As you can see, every step up introduces changes of a different level of magnitude, so start small, try to get the low hanging fruit, and only then call for heavy artillery.

De-normalization

Sometimes the performance of a Select query is deeply impacted by the necessity of doing heavy joins. And the joins themselves may be difficult to optimise: you may not be able to put more or less effective indexes there, because due to low selectivity they simply won't be utilized. Also, you can't just simply shrug off these joins, because in this case the logic of the application totally goes south. Sometimes the only way to mitigate this is to admit that something went terribly wrong when the database schema was designed in the first place, and then pull off a costly refactoring.

But sometimes there are ways to shift the application towards being more read-optimised by preparing as much data as possible in advance. This is called "data de-normalisation".

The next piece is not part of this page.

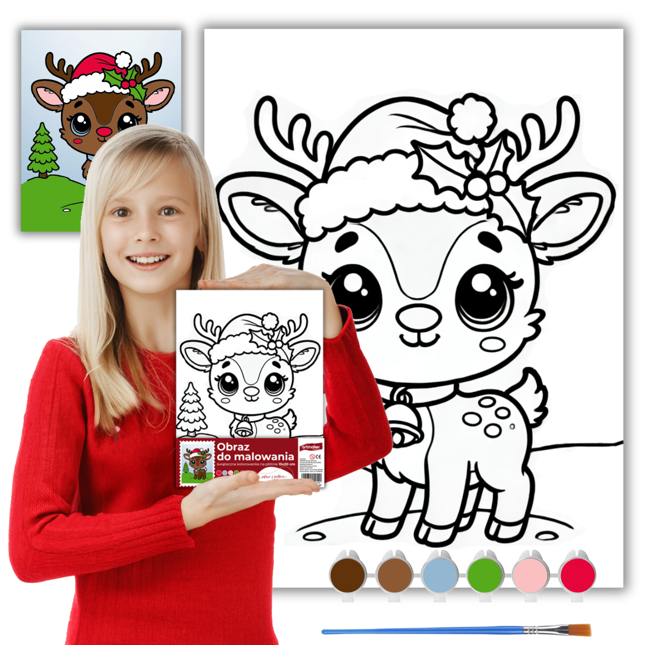 ✔️ Płótno z nadrukiem Renifera – gotowe do pomalowania, wprowadzi świąteczną atmosferę do Twojego domu.

So, instead of having a select with many static joins, it is worth creating an extra column and run a back-filling query whenever the data changes. Here is the example of such UPDATE FROM query:

UPDATE products
SET has_prices = products_with_prices.has_active_prices AND products_with_prices.has_active_stores
FROM
(
SELECT
products.id AS id,
bool_or(prices.id IS NOT NULL AND prices.deleted_by IS NULL) AS has_active_prices,
bool_or(store.id IS NOT NULL AND store.deleted_by IS NULL) AS has_active_stores
FROM products
LEFT JOIN prices
ON prices.product_id = products.id
LEFT JOIN stores
ON stores.id = prices.store_id
WHERE products.id IN (123, 456) -- <<<- Here you put any statement that returns a list of products to update. Use an array or a sub-query.
GROUP BY products.id
) AS products_with_prices
WHERE products.id = products_with_prices.id
The code is licensed under the MIT license

Run this query for particular subset of products whenever the price or a store is changed, and just use the has_prices column in the select instead of several heavy joins.

Getting the list of affected rows

Postgres offers an amazing option of getting the list of affected rows when doing the UPDATE query. This is extremely helpful when it's crucial to know the list of rows that were actually updated. Just append the RETURNING clause to the end of the query.

UPDATE products
SET title = 'Title missing'
WHERE title is null
RETURNING *;
The code is licensed under the MIT license

You can use the asterisk to get all rows, or just ids.

Filtering by JSON array

Not that often, but sometimes it's required to filter by the content of a JSON filed in a table. Well, for that matter there is a snippet. If there is an JSON field attributes that contains an array of objects, then to filter by objects where the key value contains foo:

SELECT id FROM products
CROSS JOIN LATERAL json_array_elements ( attributes ) AS j
WHERE j->>'value' = 'foo';
The code is licensed under the MIT license

Database-level constraints

We usually apply constraints on the business logic level. But, if an SQL database is used, some of such constraints can be moved to the database level to increase consistency and data safety.

For example:

ALTER TABLE price ADD CONSTRAINT price_restrict_value CHECK ((status <> 'ACTIVE' AND value = 0) OR (status = 'INACTIVE'));
The code is licensed under the MIT license

More intricate constraints can be established by using triggers.

Links

Here is a list of amazing articles I've found on the subject.

Well, this article is a work in progress, just like the life of an engineer itself :) I will add more things as I keep discovering.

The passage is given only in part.